Nowadays Japan is dynamic and changing. High growth new firms like GREE, DeNA, and Rakuten are not well known outside of Japan but are profitable, large, and acquiring firms around the world as well as being responsible for employment of thousands. Japanese firms are acquiring manufacturing capacity in China and Korea as they focus on high profit components instead of name brands. Data from STAJE’s research shows that new firms that start in Japan in the last ten years now employ millions. In contrast, Sony recently terminated 10,000 employees in Japan. Mitsubishi, Mitsui, and Sumitomo have scaled back in many business units and Toyota lost market share over quality concerns. There has been a breakdown in the social contract system of job security through lifetime employment. Job security in a large company, once a mainstay of working for a Japanese company, is no longer as available and undergraduates coming out of college are now more willing to work for foreign companies or to try something on their own.  

Students are beginning to show interest in entrepreneurship and there is a feeling of doing something for oneself is more important than relying on the “salary man” job.  Venture capital firms and incubators are starting to sprout in Japan. Open Network Lab (Onlab) is Japan’s version of Silicon Valley based Y Combinator, an incubator that provides technology startups with mentorship, office space, and an introductory investment of approximately US$12,000 in exchange for equity.  Even large Japanese giants are getting into the game; NTT Investments, the investment division of Japan’s largest telecommunications company, NTT DoCoMo, has invested in B Dash Ventures, a venture capital fund started by Hiroyuki Watanabe, a veteran venture capitalist in Japan.

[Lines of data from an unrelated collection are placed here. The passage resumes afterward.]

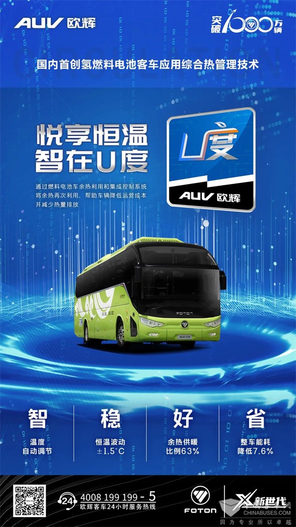 福田欧辉的氢能源技术不仅实现“零碳排放”,其衍生的国内首个氢燃料电池客车应用综合热管理技术——U度更是将氢燃料电池所产生的废热进行循环利用,并在燃料电池功率达到75%时即可实现全余热供暖,让整车能耗降低7.6%,也大幅降低车辆热能的排放。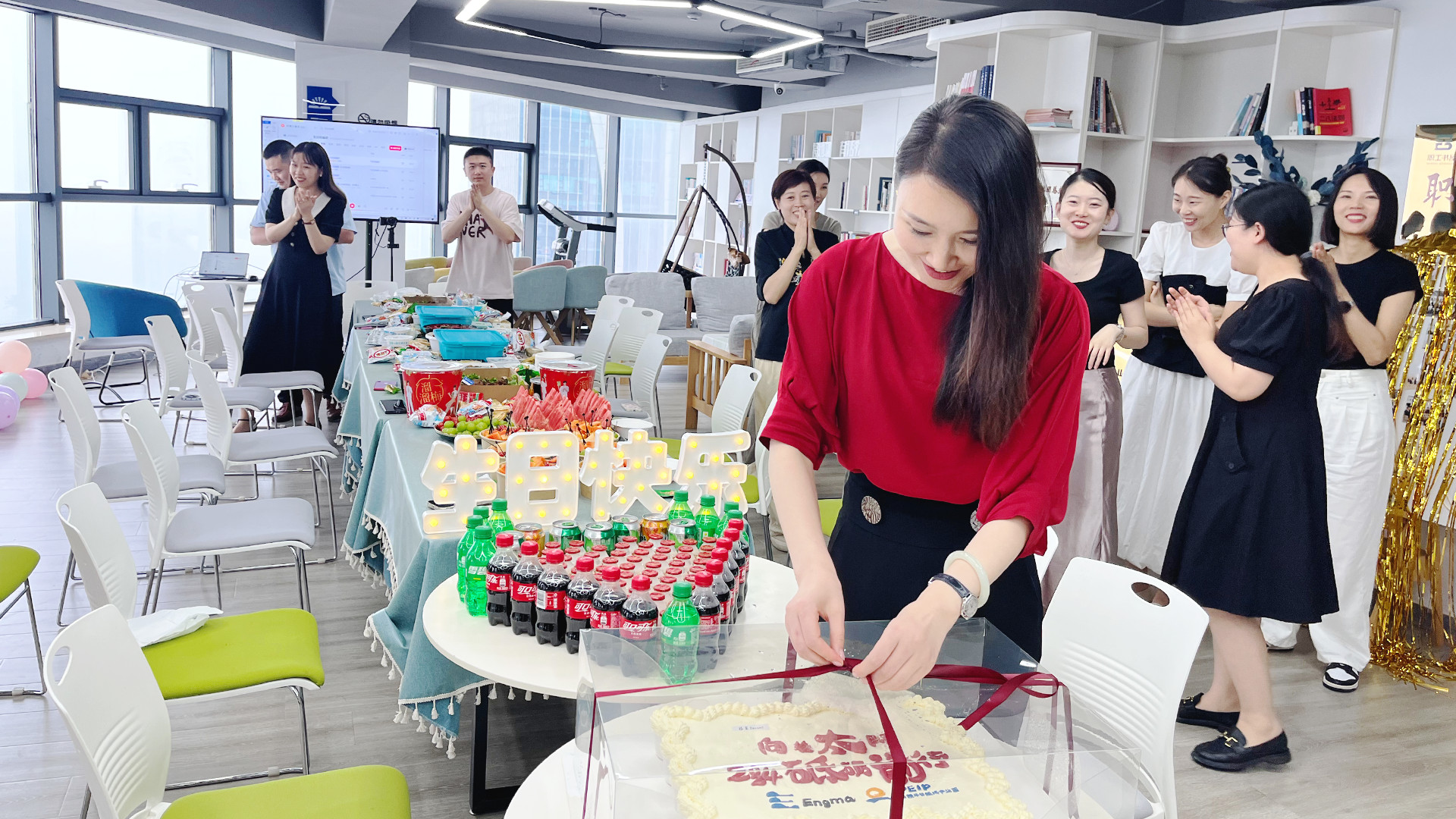 在突然响起的生日歌中,为七月寿星们准备的神秘惊喜出现。热情的鲜花、精美的生日蛋糕、温馨的礼物,让寿星们感受到了来自团队的浓浓关爱。
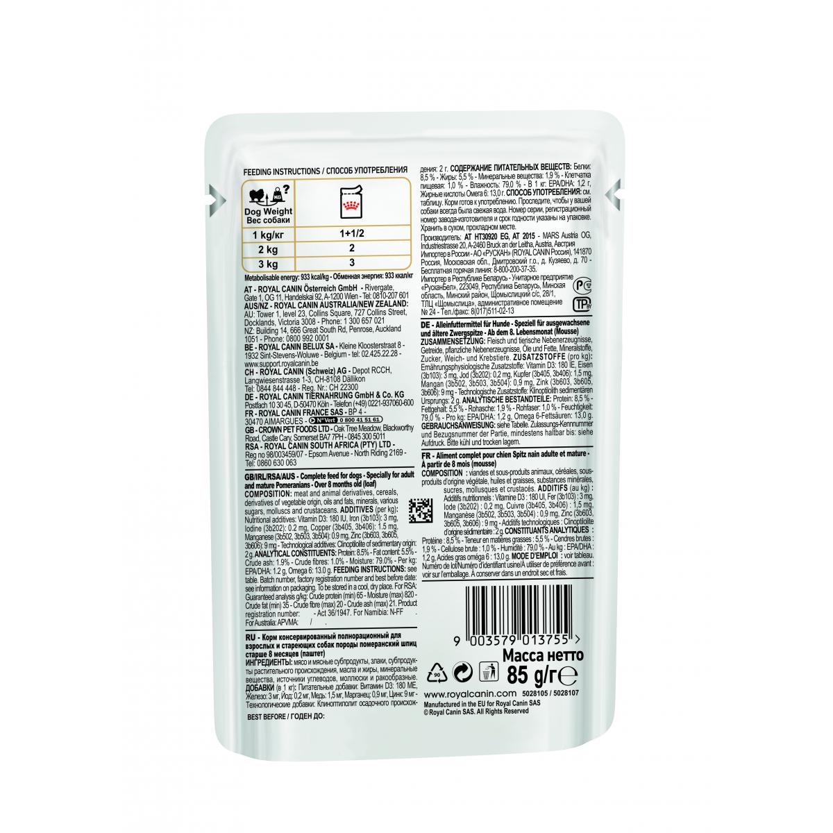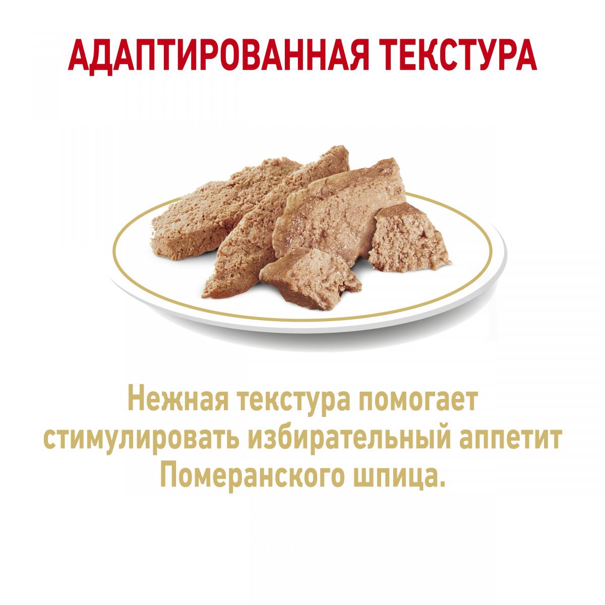 Нежная текстура паштета стимулирует аппетит даже самых привередливых собак породы Померанский шпиц.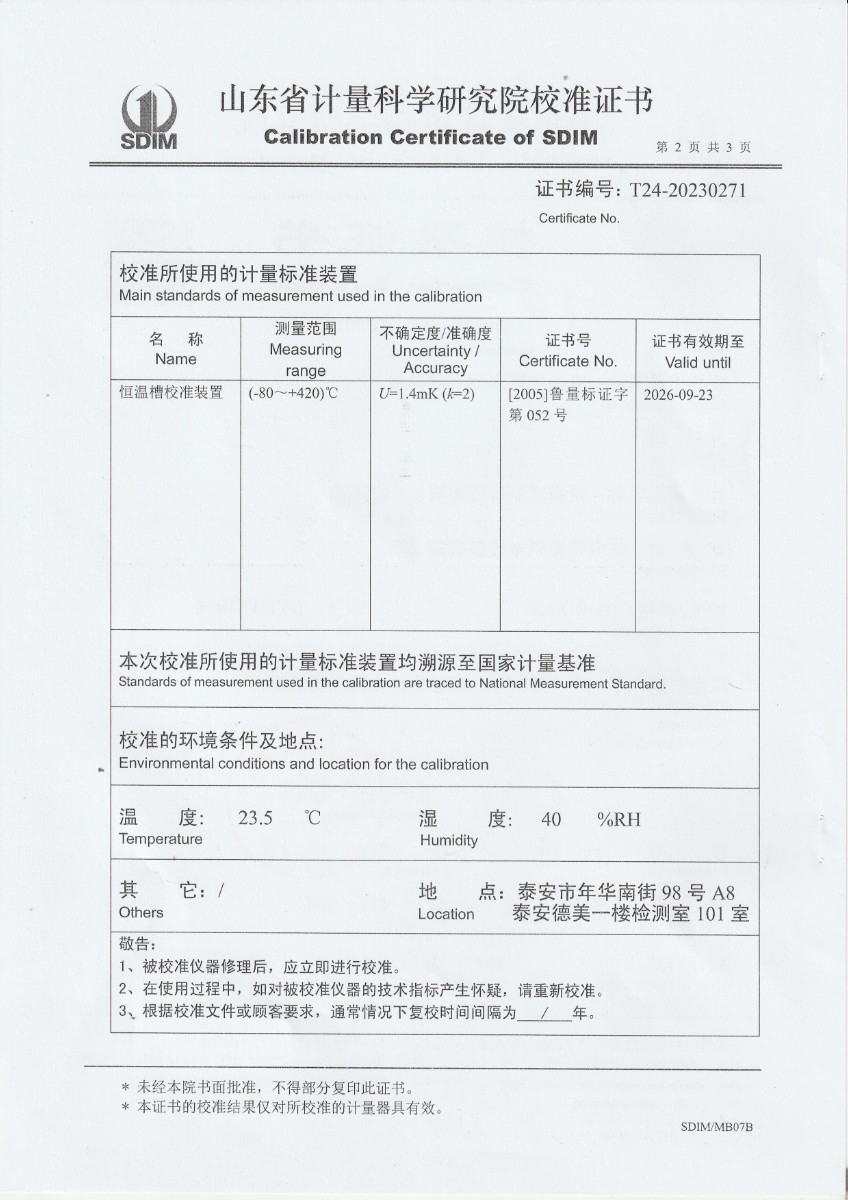 上一條:新疆中測測試有限公司 溫濕度標準箱 校準證書下一條:露點儀檢定證書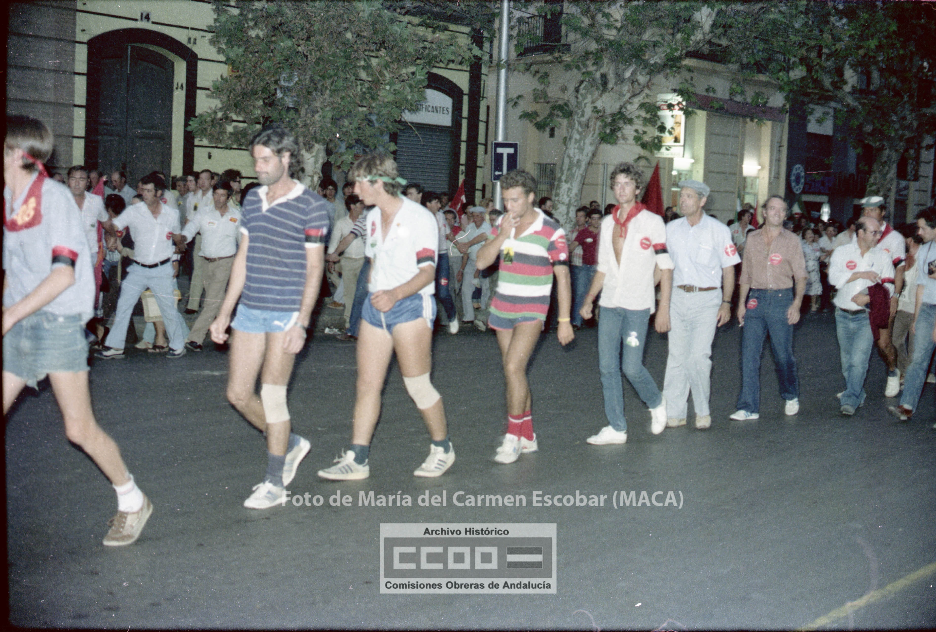 María del Carmen Escobar, MACA, nació en Ayamonte (Huelva) el 5 de diciembre de 1952. Siendo niña su familia fijó la residencia en Sevilla, ciudad en la que viviría el resto de su vida. En 1969 comenzó a trabajar en el Galerías Preciados, donde comenzó su actividad sindical. En 1976 ingresa en las aún clandestinas CCOO de Sevilla. Tras la legalización del sindicato, en abril de 1977, fue contratada por la Unión Provincial de Sevilla. Sus reportajes fotográficos enriquecieron Realidad, periódico emblemático de las CCOO de Sevilla, así como otros órganos de expresión del sindicato. Tanto los conflictos laborales, como la frenética actividad que desarrollaron los movimientos sociales durante los años de la Transición fueron recogidos por la cámara de Maca, por lo que su obra constituye un indispensable repositorio de la memoria gráfica obrera y militante de esos años. Mostró especial interés en fotografiar los actos promovidos por el incipiente movimiento feminista, así como, por destacar la participación de las mujeres en la vida pública. Desde entonces y hasta su temprana muerte en abril de 2013, Maca trabajó para CCOO y para otras entidades, como RTVA, manteniendo siempre un fuerte compromiso con la clase trabajadora. Su fondo fotográfico, formado por más de 20.000 negativos, se conserva en el Archivo Histórico de CCOO de Andalucía y está disponible para su consulta pública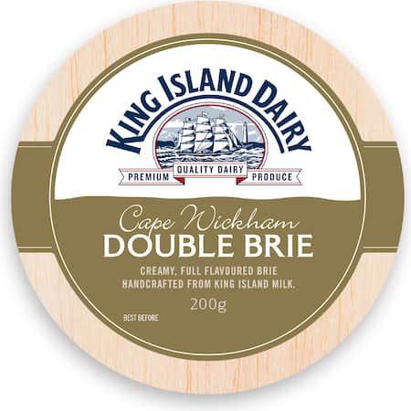 Cape Wickham Double Brie’s velvety, dense white rind encases a beautiful glossy, creamy coloured centre. The flavour is superbly rich with mushroom overtones
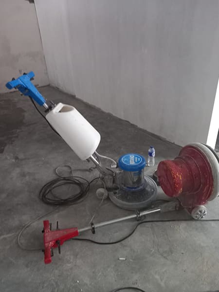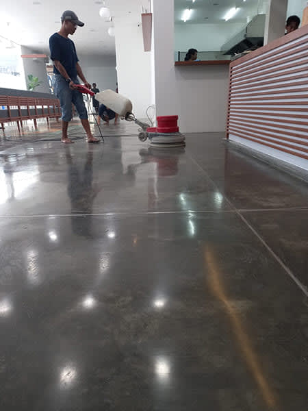 Proses poles kilap bertahap menggunakan *diamond pad* yang semakin halus untuk memunculkan kilap alami (*glossy*) dari lantai acian semen.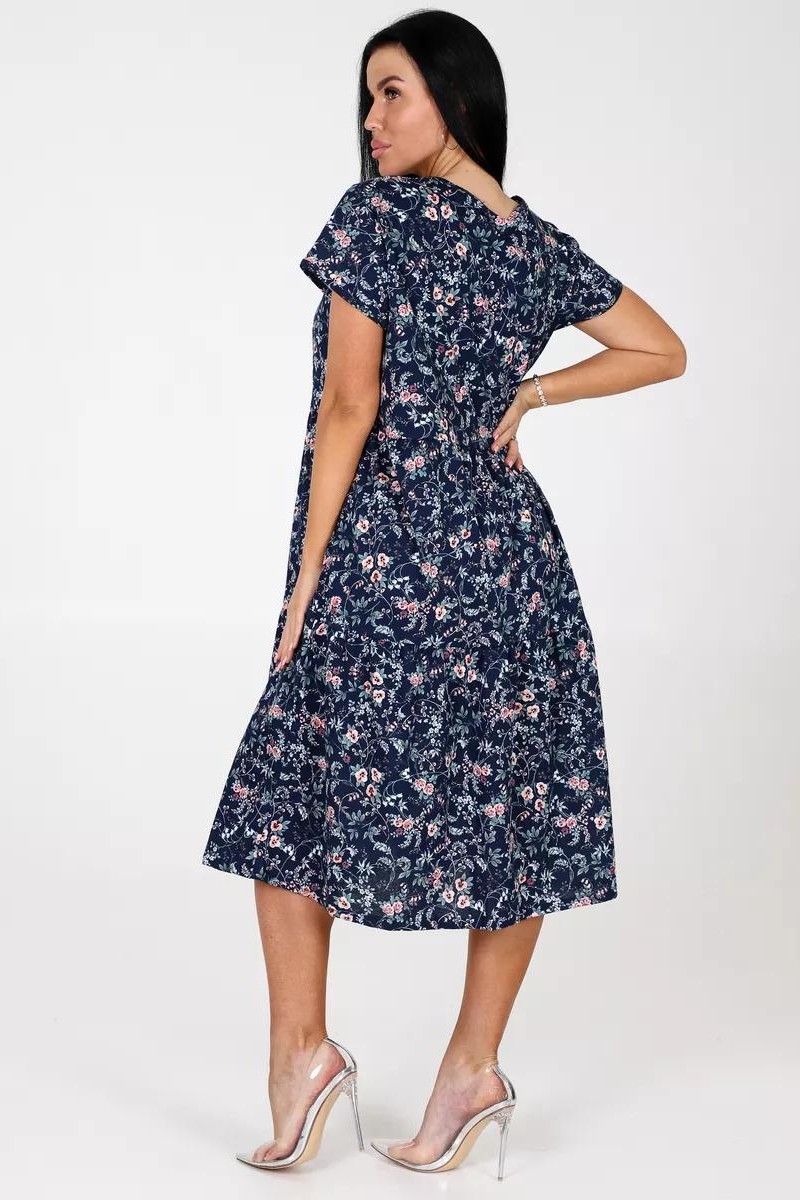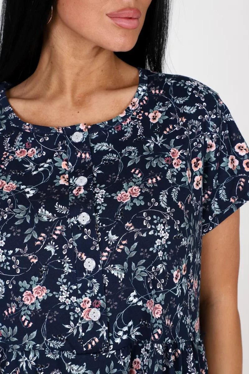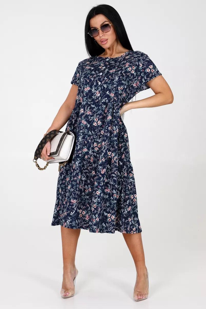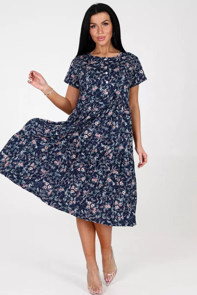Платье женское №01 "Цветы" кулирка (р-ры: 48-66) синий

The research at Stanford is helping to make the dynamic situation in Japan understandable. STAJE recently hosted an event in Tokyo with the US Embassy with over 500 attendees listening to research and views. Last year, STAJE hosted the US undersecretary of State, Robert Hormats, Japan’s ambassador to the US,Ichiro Fujisaki, the US ambassador to Japan, John Roos and dozens of representatives from industry and universities in both countries. STAJE facilitated the new joint work between the National Venture Capital Association and the Japanese Venture Capital Association. Research from STAJE is being used by joint U.S.-Japan government commissions on innovation and entrepreneurship – of which both Eberhart and Professor William Miller are delegates - and the effort was recently featured in a joint communiqué of the White House and the Japanese Prime Minister’s office. STAJE has over fifty papers written and presented under its auspices and cooperated closely with the University of Tokyo.


Japan is a critical and exemplary part of the world’s cultural matrix that earned the respect of all around the world as Japanese people cooperated and showed its strength in the face of their disasters last year. As a famous researcher on Japan observed, Japan – a relatively small country – could not have become the 2nd largest economy in the world if it were not innovative and entrepreneurial. Its differences with the U.S. and other nations give researchers of entrepreneurship a powerful tool and laboratory. According to Professor William Miller, “culture is defined by the system in the environment, and when the system changes, the culture changes.” In Japan, research has shown that lowering failure barriers, such as reducing personal asset risk, increases new firm performance and contributes to an entrepreneur-friendly environment. Stanford’s Project on Japanese Entrepreneurship is leading timely and relevant research to help us understand not only Japan, but ourselves.